## Stored data
Segment Open
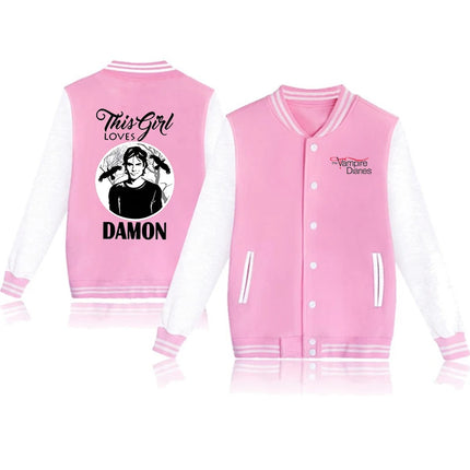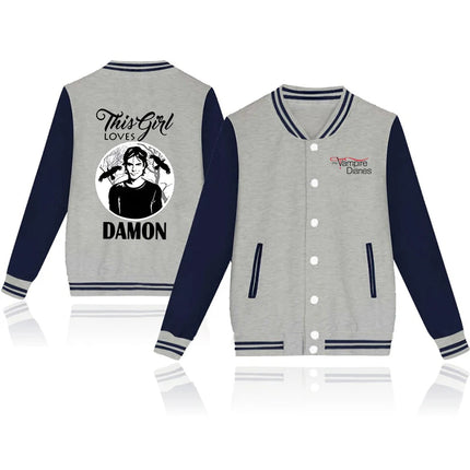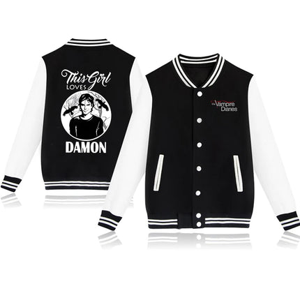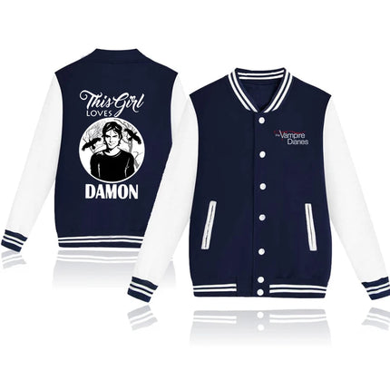 New Hot the Vampire Diary Printing Baseball Uniform Jacket Men Women Y2k Hip Hop Clothing Fleece Warm Sportswear Oversized Coat
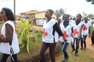 des volontaires de la Croix Rouge centrafricaineMme Bongo Ondimba a saisi cette opportunité pour apporter une contribution volontaire aux opérations d’assistance conduites par la Croix-Rouge centrafricaine auprès des populations, plus particulièrement aux femmes et aux enfants, victimes du conflit. Cela, en sa qualité de Présidente d’honneur de la Croix Rouge gabonaise. Elle était accompagnée de M. Guy Patrick OBIANG, Président en exercice de la Croix Rouge gabonaise.
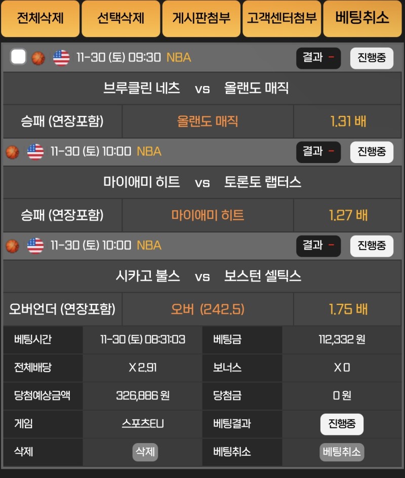 올랜도 승, 마이애미 승, 시카고 242.5 오버
Segment Closed
The whole listing above needs to be copied exactly; please keep the pictures out.

 New Hot the Vampire Diary Printing Baseball Uniform Jacket Men Women Y2k Hip Hop Clothing Fleece Warm Sportswear Oversized Coat
 des volontaires de la Croix Rouge centrafricaineMme Bongo Ondimba a saisi cette opportunité pour apporter une contribution volontaire aux opérations d’assistance conduites par la Croix-Rouge centrafricaine auprès des populations, plus particulièrement aux femmes et aux enfants, victimes du conflit. Cela, en sa qualité de Présidente d’honneur de la Croix Rouge gabonaise. Elle était accompagnée de M. Guy Patrick OBIANG, Président en exercice de la Croix Rouge gabonaise.
 올랜도 승, 마이애미 승, 시카고 242.5 오버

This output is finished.